■ **WHAT TO WORK ON**:
Nothing but the lines from the one containing "Входные напряжения —" to the end of the data should be copied, exactly, and the pictures stay out.
[INFORMATION PROVIDED — start]
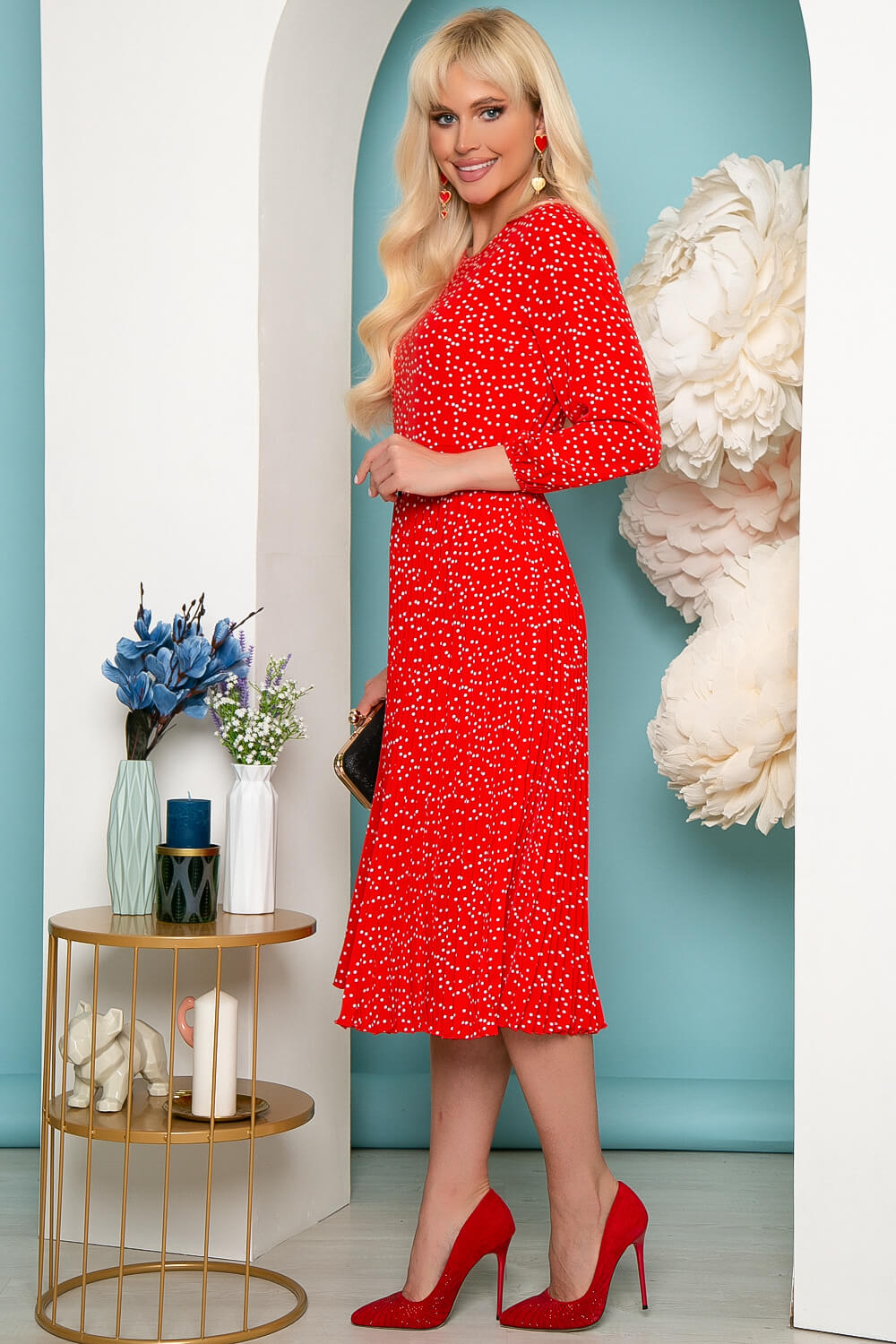 Долгожданный ХИТ продаж в новом исполнении! Летящее, манящее, женственное платье для самых утонченных натур. Плиссированная юбка длины миди,манящий красный цвет, принт в мелкий горошек - залог успешно созданного романтического образа. Талия отрезная, округлый вырез горловины. Рукав втачной, 7/8, низ на резинке. В комплекте поясок из основной ткани с пряжкой. Платье без подкладки, в боковом шве потайная молния.
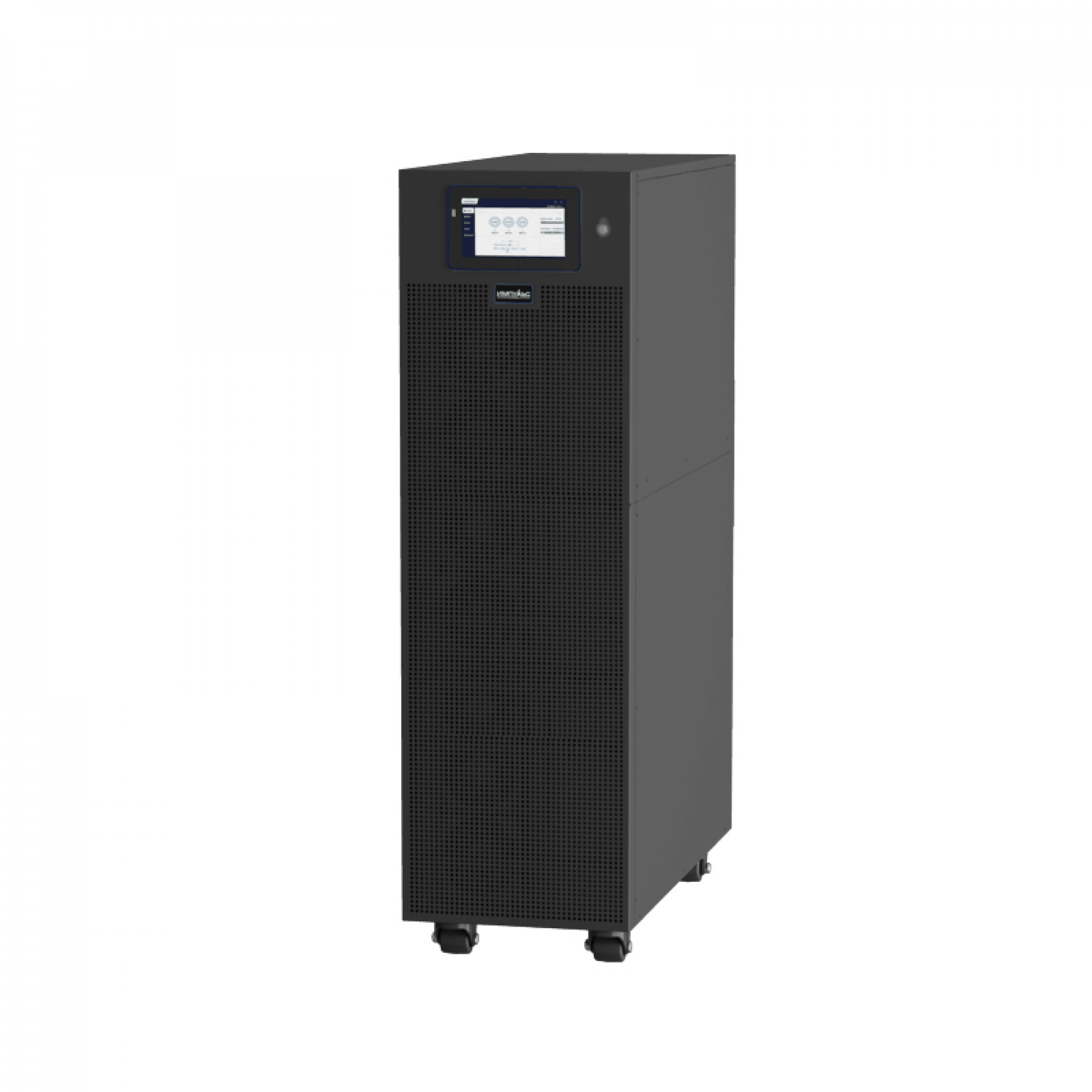 Входные напряжения — от 304 до 478 В при 100% нагрузке, ниже с пропорциональным снижением. Частота 40–70 Гц. Выход трёхфазный, 380/400/415 В, ток от 15 до 121 А по моделям. Перегрузка выдерживается: до 110% — час, свыше 150% — мгновенное отключение. Плюс «холодный старт» от батарей и сенсорный 7-дюймовый LCD для мониторинга.
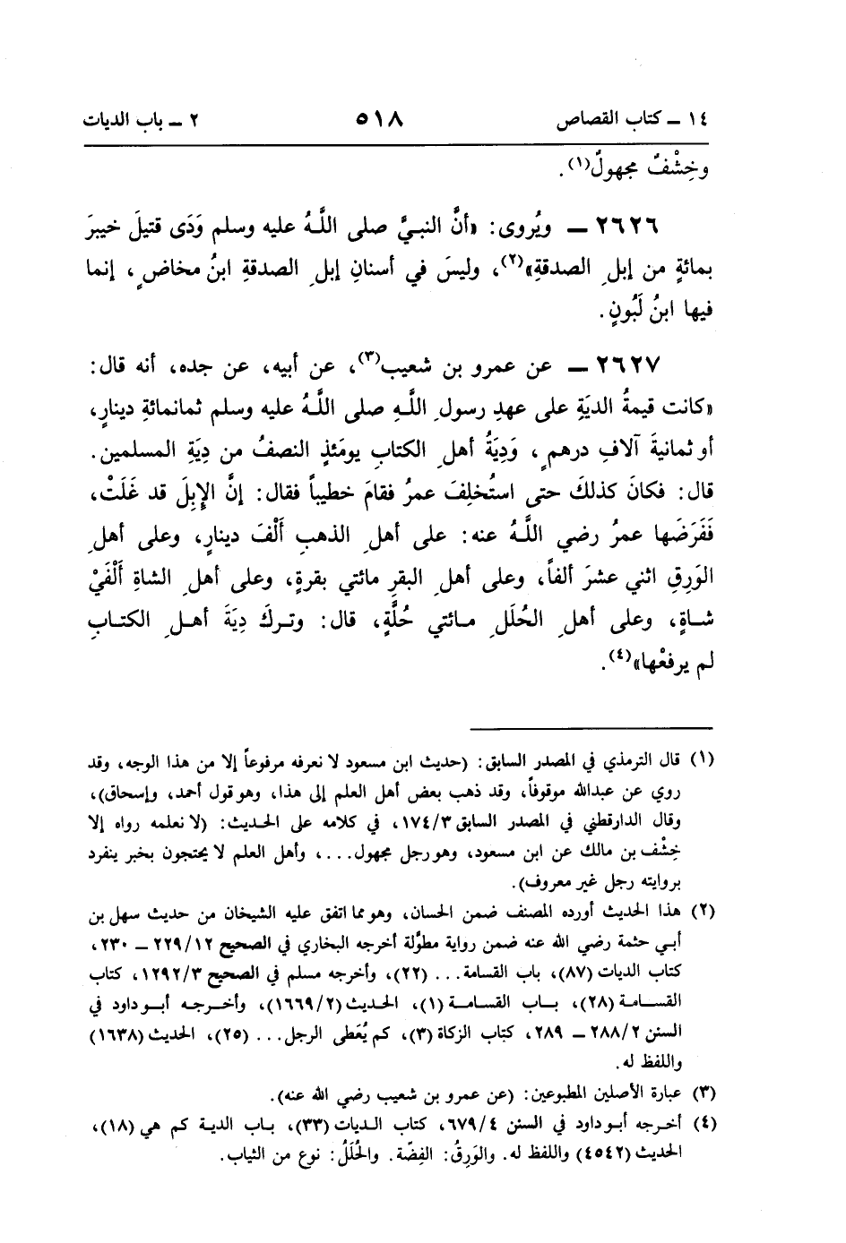 2627 - عن عمرو بن شعيب (¬3)، عن أبيه، عن جده، أنّه قال: "كانت قيمةُ الديَةِ على عهدِ رسولِ اللَّهِ صلى اللَّهُ عليه وسلم ثمانمائةِ دينارٍ، أو ثمانيةَ آلافِ درهمٍ، وَدِيَةُ أهلِ الكتابِ يومَئذٍ النصفُ من دِيَةِ المسلمين. قال: فكانَ كذلكَ حتَّى استُخلِفَ عمرُ فقامَ خطيبًا فقال: إنَّ الإِبِلَ قد غَلَتْ، فَفَرَضَها عمرُ رضي اللَّهُ عنه: على أهلِ الذهبِ أَلْفَ دينارٍ، وعلى أهلِ الوَرِقِ اثني عشرَ ألفًا، وعلى أهلِ البقرِ مائتي بقرةٍ، وعلى أهلِ الشاةِ أَلْفَيْ شاةٍ، وعلى أهلِ الحُلَلِ مائتي حُلَّةٍ، قال: وتركَ دِيَةَ أهلِ الكتابِ لم يرفعْها" (¬4).
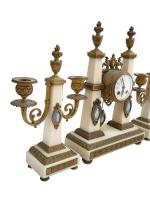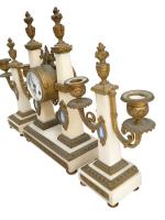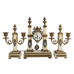 GARNITURE DE CHEMINEE en marbre blanc, bronze doré et médaillons et Wedgwood, la pendule de forme portique surmontée de pots à feu, le cadran émaillé, les candélabres à deux bras de lumière au modèle
[INFORMATION PROVIDED — finish]
■ **PROBLEM SOLUTION**:
 Входные напряжения — от 304 до 478 В при 100% нагрузке, ниже с пропорциональным снижением. Частота 40–70 Гц. Выход трёхфазный, 380/400/415 В, ток от 15 до 121 А по моделям. Перегрузка выдерживается: до 110% — час, свыше 150% — мгновенное отключение. Плюс «холодный старт» от батарей и сенсорный 7-дюймовый LCD для мониторинга.
 2627 - عن عمرو بن شعيب (¬3)، عن أبيه، عن جده، أنّه قال: "كانت قيمةُ الديَةِ على عهدِ رسولِ اللَّهِ صلى اللَّهُ عليه وسلم ثمانمائةِ دينارٍ، أو ثمانيةَ آلافِ درهمٍ، وَدِيَةُ أهلِ الكتابِ يومَئذٍ النصفُ من دِيَةِ المسلمين. قال: فكانَ كذلكَ حتَّى استُخلِفَ عمرُ فقامَ خطيبًا فقال: إنَّ الإِبِلَ قد غَلَتْ، فَفَرَضَها عمرُ رضي اللَّهُ عنه: على أهلِ الذهبِ أَلْفَ دينارٍ، وعلى أهلِ الوَرِقِ اثني عشرَ ألفًا، وعلى أهلِ البقرِ مائتي بقرةٍ، وعلى أهلِ الشاةِ أَلْفَيْ شاةٍ، وعلى أهلِ الحُلَلِ مائتي حُلَّةٍ، قال: وتركَ دِيَةَ أهلِ الكتابِ لم يرفعْها" (¬4).
 GARNITURE DE CHEMINEE en marbre blanc, bronze doré et médaillons et Wedgwood, la pendule de forme portique surmontée de pots à feu, le cadran émaillé, les candélabres à deux bras de lumière au modèle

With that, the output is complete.